2020-04-19T16:31:27.954Z


Because we are not all born for crossfit, intermittent fasting and the pro level of mindfulness


Due to the coronavirus crisis, BuenaVida is not in kiosks. Download it free here

Lie on the grass and eat a chocolate ice cream mixed with cream. It is the first thing a two-year-old child — the son of whom this text is writing — wants to do when the quarantine is over. One comments it with the president of the patronage of the Spanish Academy of Nutrition and Dietetics, Giuseppe Russolillo, not without a certain blush. "You will see the snort ..." mumbles guilt. But the expert's response is totally unexpected: "Of course, what a good idea. And not only when we get over the coronavirus. It is something that must be done from time to time. Obviously, a chocolate ice cream should not be a food usual in our diet, but we must not forget that food is not only a set of nutrients, fats and sugars, but has an emotional value. We cry, sing and laugh with it. There are dishes that are part of our well-being, say what the Taliban says about nutrition. "

The little things, that cliché so hackneyed that now, however, it is claimed more than ever in the form of a video phone call or collective song by the balcony, also arouse the admiration of the experts who devise the pillars of well-being. Tired of being tired, we have realized that the objectives set must be achievable, and that it is of little use to consider being the strongest, the healthiest, the most productive and the most vital, if exhaustion weighs down each of our decisions. The latest turn of events has rescued an old, but effective, strategy: betting on slight modifications in our lifestyle that bring considerable benefit. It is microwellness , one of the wellness trends of the year according to various market studies, such as that of the Huawei company. "The society in which we live seems to have been giving priority to great things and great objectives to achieve well-being. We have turned day by day into a race against time to obtain happiness at all costs. And in an attempt not to suffer, we suffer. Because that desire, that ambition, leads us to forget the day to day. We stop focusing on the present to always be aware of the future, so that we lose sight of what is important, "reflects the psychologist Manuel Oliva, from Center Psicología Clinica, in Madrid. In the new issue of BuenaVida, free downloadable in pdf, we have a few adjustments of body, mind and environment for the here and now. We start with what you see ...

Body: keep eating almost the same and get off a stop earlier

Can a small change strategy help curb the obesity epidemic? It is the title of a 2008 article, published in The American Journal of Nutrition , which started from the following premise: since we are unable to reverse the global figures for overweight, perhaps "we should focus on small changes in diet and exercise , and not so much in the loss of kilos in itself ". And these are the reasons why the researchers valued their thesis: 1. Small changes are easier to maintain over time than large ones. 2. Since most people gain weight over the years from slight upward misalignments (eating more and spending less), doing it the other way around should reflect on a reconciliation with the scale. 3. Achieving small goals encourages people to consider bigger ones. 4. The obesogenic environment did not arise overnight nor can it be removed with the stroke of a pen, so the individual's micro-actions are a way to hammer him. 5. This approach establishes a base on which all social actors could operate: it is not that food companies suddenly become healthy, but rather that they are implementing positive changes in some of their products.

Change the bread from the toast and add a tangerine to your diet.
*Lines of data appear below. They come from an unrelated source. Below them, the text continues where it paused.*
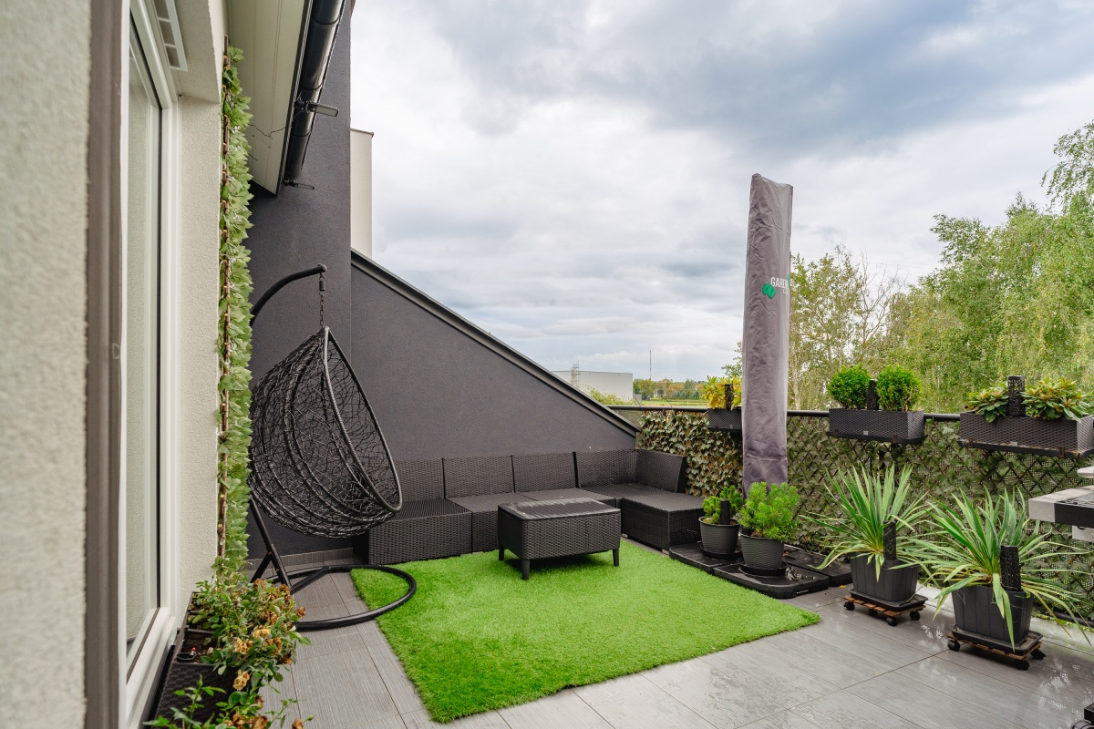 Taras (ok. 30 m²) – ekspozycja południowo-zachodnia, częściowo zadaszony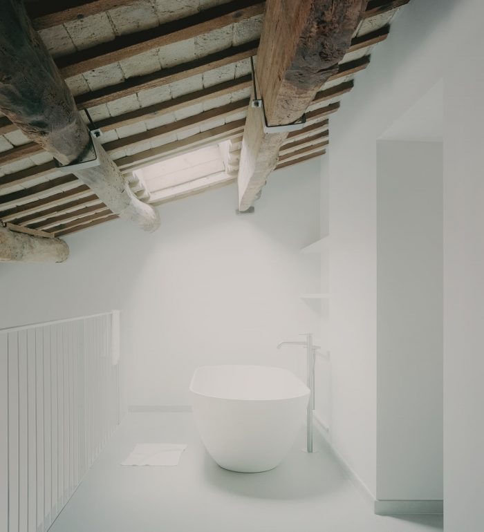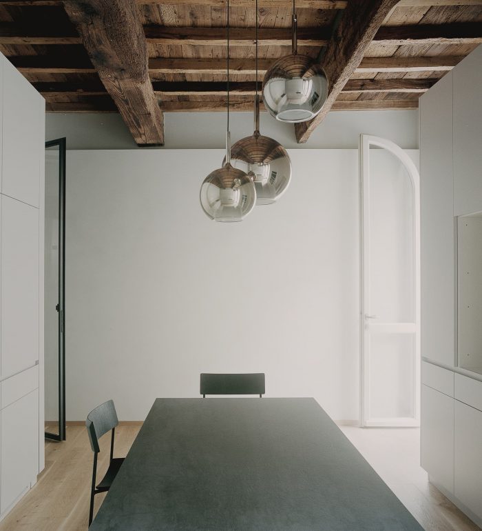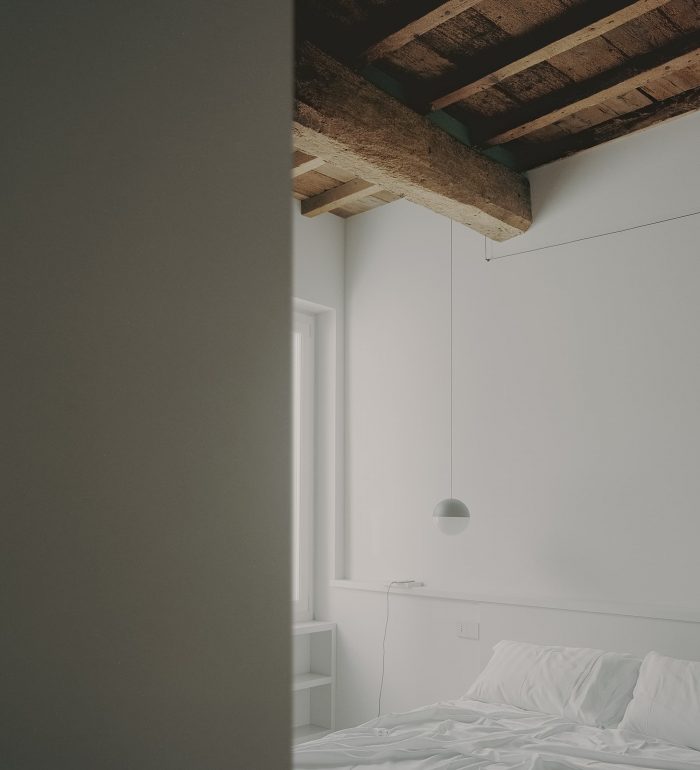 Anne is a house in the historical center of Ravenna. The aim of the project is to preserve and give value to all the morphological and typological elements that characterize the building and its architecture. The main feature of the house is the original wooden ceilings, discovered during construction and fully restored, as part of a delicate balance between the material heaviness of the existing built structure and the softness of the light filtered through the courtyard.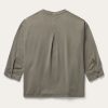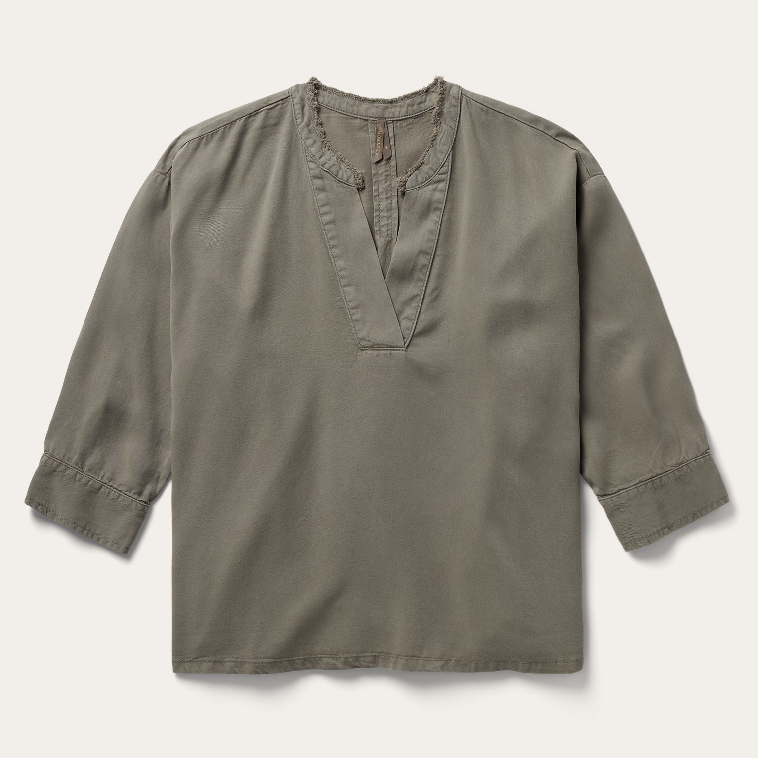 This Olive Lyocell Peasant blouse is crafted from durable 100% lyocell denim twill that has been yarn dyed a rich olive color. It features a flattering V-neck with raw edge collar treatment, finished edge bottom hem and ¾ sleeves with single button cuffs. A pleat at the center back enhances the fit for a casual, Western-inspired top that’s ideal for evening or everyday wear.
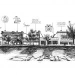 Architecture may draw her eye, but it’s not the only thing she’s concerned with in her images. She says, “I like to be honest about a place. I’ll chose my own angles and perspective, and if it feels authentic, I’ll make sketches to note my emotions.” Her favorite drawing so far depicts grain elevators in a field in the middle of nowhere, but she considers the subject pure.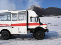 Einem Allesüberwinder wie dem Mercedes Unimog ist vor keiner Aufgabe bang. Einer wie er tanzt sogar auf dem Vulkan - wie zum Beispiel der Unimog 5000, der Jahr für Jahr Mai und Oktober Touristenströme von der Seilbahnstation des Ätna auf 2500 Metern Höhe zum Torre del Filosofo. Dort, in einer Höhe von 2935 Metern, beginnen Wanderungen für die Touristen, die das Brodeln aus nächster Nähe erleben wollen. Über 300.000 Touristen besuchen jährlich den Ätna auf Sizilien.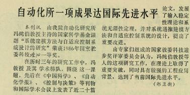 在冯纯伯院士的引领下,一批批优秀的中青年学者声名鹊起,在非线性系统辨识、建模及自适应控制理论研究方面相继取得了丰硕的成果,为复杂工程系统应用奠定了深厚的理论基础。

Once the theoretical framework has been defined, we ask Russolillo, who is in office as president of the World Conference of Dietitians-Nutritionists, to break down some of those small dietary adjustments that bring more benefits, in addition to the occasional craving: "Substitute the white bread that is eat throughout the day for one whole and elevate what you can our daily consumption of fruits and vegetables [the recommendation is three of the first and two of the second: but start adding one of each to your usual intake] ". Only with that, he explains, "the consumption of plant phytochemicals is greatly increased, with wonderful effects on health, such as preventing cardiovascular diseases, obesity, diabetes, high blood pressure and, above all, cancer." His third and fourth micro-proposals are: drink a lot of water (the one the body asks for, without scratching) and eliminate the salt from the table (look for your allies in spices such as turmeric, cumin or coriander). Simple, right? "It depends on your commitment, you will be raising your goals, but always with the help of an expert," ditch. And he warns that admitting that the minuscule counts, should not be an excuse to believe the fantasy shortcuts that promise a new body. If it sounds ridiculous, it usually is: eating garlic at all hours, eating lemon juice for breakfast, licking a grapefruit four times a week ... "They are nonsense," he says.
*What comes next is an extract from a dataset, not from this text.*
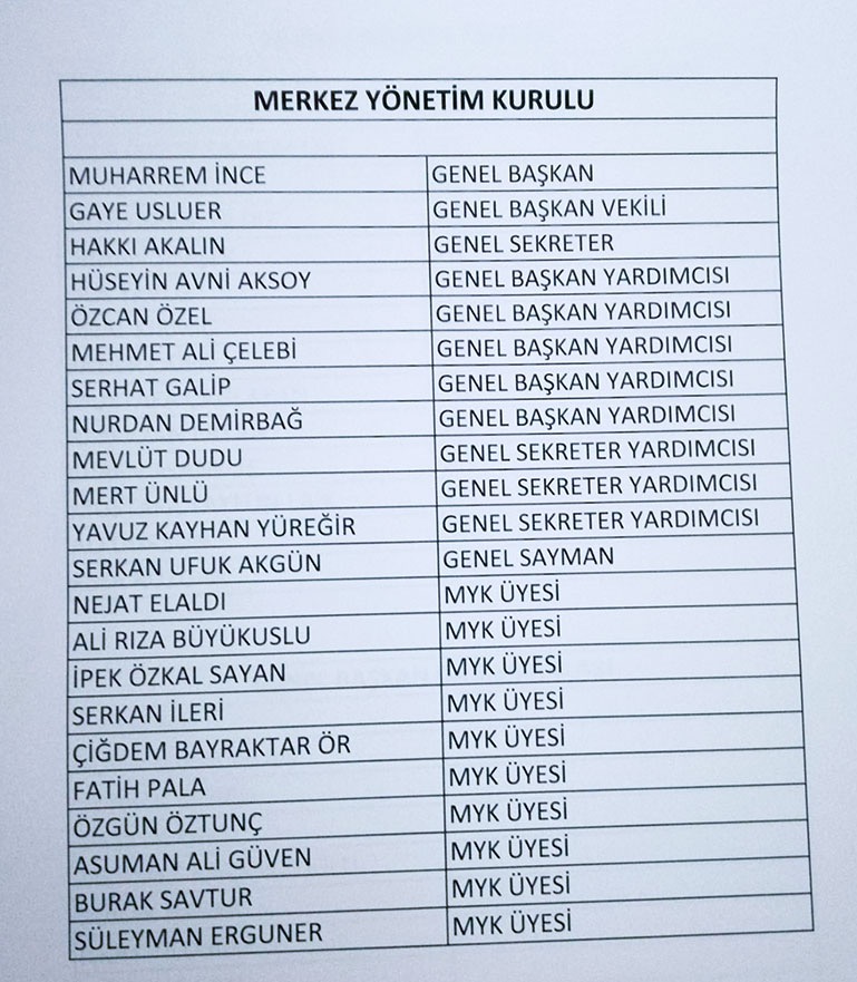 “Memleket Partisi’nin ülkemiz için hayırlı ve uğurlu olmasını diliyoruz. “Geleceğimizi geri alacağız” diyoruz, Memleket Partisi olarak geleceğimizi barışla, özgürlükle ve yeniden demokrasiyle taçlandırmak üzere söz veriyoruz. Biraz önce genel merkezimizde parti meclisi toplantı salonumuzda İçişleri Bakanlığı’ndan aldığımız belgeyi kurucular kuruluyla paylaştık. Genel başkanımızı seçtik, Muharrem İnce oy birliği ile seçildi.”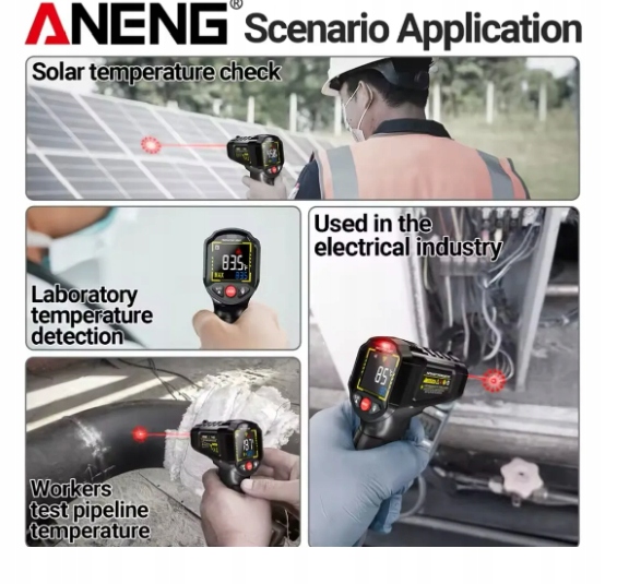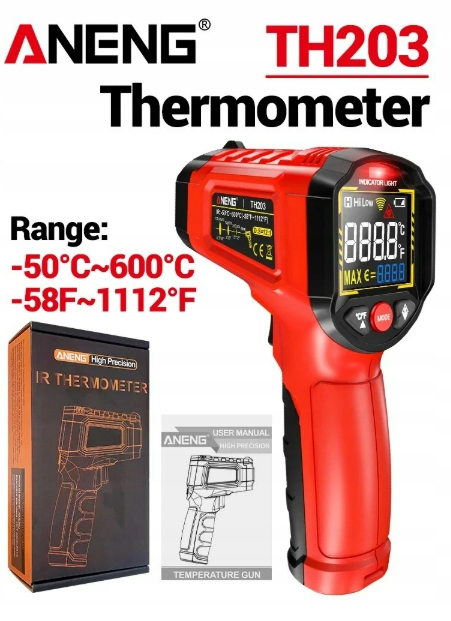 Anng Th203 -это современный инфракрасный термометр без контакта, предназначенный как для домашнего, так и для промышленного использования. Это обеспечивает точные и быстрые измерения температуры в диапазоне от -50 ° C до 600 ° С. благодаря цветовому дисплею VA с подсветкой и лазерным прицелом, он идеально подходит для холодных магазинов, мастерских, кухни или во время технического обслуживания оборудования.

Come on, but each time a little faster. It is known that it is more effective to tell someone who is sedentary to get off a stop before the bus than to walk the entire route. "When someone starts exercising it is very common to do it in a disproportionate way, because they are looking for quick results. But changing lifestyle, certainly, must be a process for it to end up having an effect," says Juan del Coso, professor. and researcher at the Rey Juan Carlos University (Madrid), in the area of ​​Physical and Sports Education. That is: if you have never stepped in a gym and start going five times a week, "it is likely that you will stop exercising soon after due to fatigue or an injury that prevents you from continuing." Once or twice a week would suffice, the expert appreciates. At the moment ...

Walking more is a good way to challenge yourself. And debut with running , nonsense. "A sedentary person should schedule walks, which they would later combine with very short runs, lasting less than a minute, in order to consider a jogging session in a few months. Because any goal that is not achieved ends up demotivating", says Del Coso, very in favor of the turtle step in this of the fit, as long as you do not fall in the accommodation. To get improvements, you have to get out of the comfort zone, remember.

Riding at a considerable speed, we assure you that you will get it out. According to the British Journal of Sports Medicine , theirs is to walk between 5 and 7 km / hour, for at least 20 minutes. And watching the technique: it is advisable, for example, to swing the arms so that there are more muscle groups involved in the movement. As for the number of steps, there are discordant voices: recent studies warn of the absence of scientific support in the popular recommendation of 10,000. Juan del Coso advises: "The key is to move, and whoever entertains you, count them ...".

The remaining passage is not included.